### Work item
In the listing below, a line holding "Узнайте актуальную стоимость" and a line holding "Un mariage moderne" mark the range. Retype both exactly, with all lines between them.

### Input records
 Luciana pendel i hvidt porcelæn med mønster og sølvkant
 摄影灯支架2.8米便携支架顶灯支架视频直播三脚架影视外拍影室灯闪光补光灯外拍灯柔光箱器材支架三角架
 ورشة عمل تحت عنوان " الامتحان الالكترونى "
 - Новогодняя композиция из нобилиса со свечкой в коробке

==

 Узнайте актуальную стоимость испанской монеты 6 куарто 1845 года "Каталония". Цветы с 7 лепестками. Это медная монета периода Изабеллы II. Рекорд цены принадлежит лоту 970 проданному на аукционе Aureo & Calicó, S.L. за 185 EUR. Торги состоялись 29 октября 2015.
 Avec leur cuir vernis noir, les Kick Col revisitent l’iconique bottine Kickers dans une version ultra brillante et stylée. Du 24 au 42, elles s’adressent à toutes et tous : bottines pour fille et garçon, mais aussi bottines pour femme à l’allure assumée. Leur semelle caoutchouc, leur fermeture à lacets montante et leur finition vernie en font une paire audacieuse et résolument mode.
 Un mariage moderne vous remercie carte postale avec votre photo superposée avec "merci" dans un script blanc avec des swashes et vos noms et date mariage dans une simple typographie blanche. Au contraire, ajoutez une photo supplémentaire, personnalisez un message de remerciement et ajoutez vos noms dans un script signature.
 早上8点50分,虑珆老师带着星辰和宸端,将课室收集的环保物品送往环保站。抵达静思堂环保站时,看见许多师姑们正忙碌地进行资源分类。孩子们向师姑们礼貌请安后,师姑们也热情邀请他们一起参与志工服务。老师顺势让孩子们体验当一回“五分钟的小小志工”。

### Result for this exercise
 Узнайте актуальную стоимость испанской монеты 6 куарто 1845 года "Каталония". Цветы с 7 лепестками. Это медная монета периода Изабеллы II. Рекорд цены принадлежит лоту 970 проданному на аукционе Aureo & Calicó, S.L. за 185 EUR. Торги состоялись 29 октября 2015.
 Avec leur cuir vernis noir, les Kick Col revisitent l’iconique bottine Kickers dans une version ultra brillante et stylée. Du 24 au 42, elles s’adressent à toutes et tous : bottines pour fille et garçon, mais aussi bottines pour femme à l’allure assumée. Leur semelle caoutchouc, leur fermeture à lacets montante et leur finition vernie en font une paire audacieuse et résolument mode.
 Un mariage moderne vous remercie carte postale avec votre photo superposée avec "merci" dans un script blanc avec des swashes et vos noms et date mariage dans une simple typographie blanche. Au contraire, ajoutez une photo supplémentaire, personnalisez un message de remerciement et ajoutez vos noms dans un script signature.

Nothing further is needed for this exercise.